= Charles Brayton (judge) =

American judge (1772–1834)

Charles Ray Brayton (October 31, 1772 – November 16, 1834) was a Rhode Island public figure who served as a justice of the Rhode Island Supreme Court from may 1814 to May 1818, and again from 1827 until his death in 1834.

==Early life, education, and career==
Born in Warwick, Rhode Island, to Daniel and Elizabeth (Atwood) Brayton, Brayton attended the local schools, but supplemented his education at home with the aid of his father and mother. Early in life he learned the trade of blacksmith, but later abandoned this to enter the field of public affairs, for which he was described as "well fitted both by reason of diligent study and tastes".

In 1794 he was admitted a freeman of Warwick, and the following year was elected to the office of constable. At the outbreak of the American Revolution he enlisted in the Pawtuxet Rangers and served under Captain Benjamin Arnold. In 1796 he was chosen first lieutenant of the Second Company of Warwick Militia, and in 1797 elected captain. In 1798 he became town sergeant and collector of taxes, in which office he served for five years. During this entire period he was "studying earnestly to prepare himself for more important public posts". In 1804, Brayton was chosen town clerk of Warwick, and continued to fill that office until his death, with the assistance of his sons in later years, when his time was employed with larger affairs. In 1808 he became colonel of the famous Kentish Artillery, and commanded the corps for five years.

==Judicial and legislative service==
In 1813, Brayton was chosen Chief Justice of the Court of Common Pleas. In 1814, was elected as a justice of the Rhode Island Supreme Court, and served for four years.

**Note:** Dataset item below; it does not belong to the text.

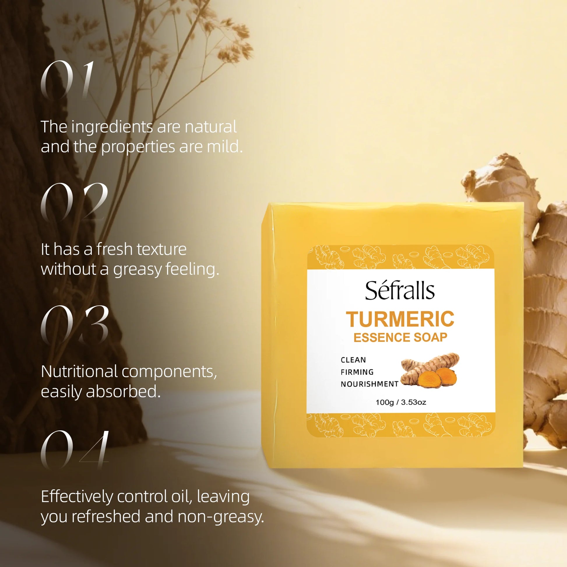 Turmeric Essence Soap (100g): Rich, creamy lather removes impurities, excess oil, and pollution residue while infusing skin with turmeric’s brightening power.
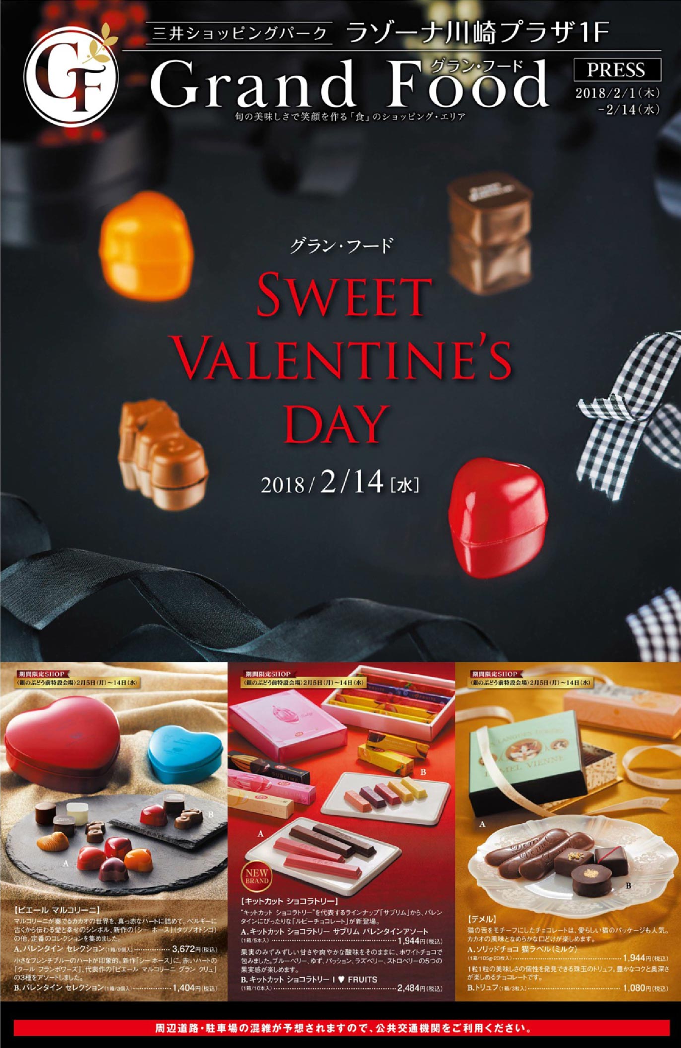 ラゾーナ川崎プラザ2018年2/8号(百貨店)のチラシです。バレンタインをテーマに、シンプル・高級感なビジュアルと明朝系のデザインが特徴です。

Brayton was elected to the Rhode Island General Assembly in 1820, and re-elected several times. In 1822 he was among members of that body called to revise the laws of the state, and in 1824 he was a member of a convention called to frame a new constitution, which, however, was not accepted by the people. In 1827, on the reorganization of the judiciary of the state, he was again elected to the Supreme Court, and continued to fill that office until his death.

==Personal life==
Brayton married, in 1795, Rebecca Havens, daughter of William Havens, of Warwick. They were the parents of four children. His grandson, Charles R. Brayton, was also an influential political figure in Rhode Island.